等容性弛緩期:半月弁(大動脈弁)が閉じた後も、心室筋の弛緩が進行し、心室内圧が心房圧よりも高い時には、房室弁も閉じたままであり、心室容積は変わらずに、心室の弛緩が起こる。

充満期(流入期):心室内圧がゼロに近づいて、心房圧よりも低くなると、房室弁が開いて、心房から心室への血液の流入が起こる。

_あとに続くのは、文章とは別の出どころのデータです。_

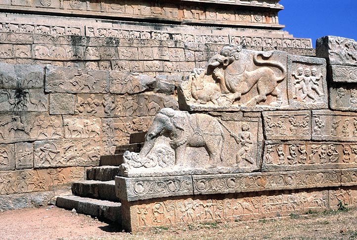 王の基壇(マハーナヴァミ壇)のレリーフ彫刻、ハンピ、16世紀。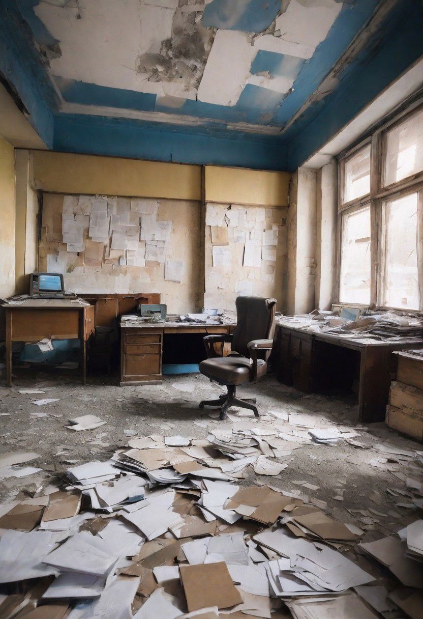 A raw photo, abandoned office, soviet republic, interior, scattered files
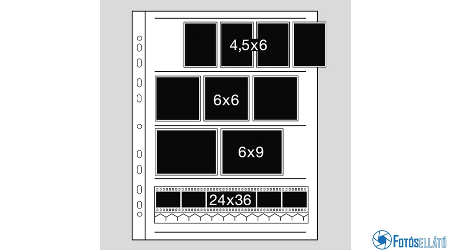 | A csíkokra vágott negatív és síkfilm lapok rendezett és védett tárolására és archiválására alkalmas tárolólap. A margón lyukakkal ellátva. | |

心房収縮期:心房筋の脱分極に伴って、心電図にP波が現れ、心房は収縮する。心房収縮は心室への血液充満を更に増やす効果がある。

<図3参照>

追加)心拍出量の調節を説明できる.

スターリングの心臓の法則
 心筋は長さ張力関係にしたがって、収縮開始時の筋長により、発生張力が調節される。これを心臓にあてはめて、心拍出量曲線として表したものが、スターリングの法則である。
 この法則は心肺標本の実験で見つけられた。心室容積、血圧、静脈圧を計測しながら、静脈から心房・心室への血液流入を増やすと、心室が収縮する前の血液充満が増えて、心筋が引き延ばされ、心臓からの駆出量(心拍出量)が増え、血圧が上昇する。
 横軸に静脈環流量の指標である心房圧を、縦軸に心臓の機能である心拍出量をプロットしたものが、心拍出量曲線である。右房圧の上昇は、心室の拡張期の血液充満度の増加、心筋の筋長の増加に対応し、それが心拍出量の増加と比例する。
 このような心筋の収縮特性は、さまざまの外因性機構によって修飾される。
心臓交感神経の刺激は、心筋の収縮特性を上昇させる(正の変力作用)
心臓迷走神経(副交感神経)の刺激は負の変力作用を及ぼす。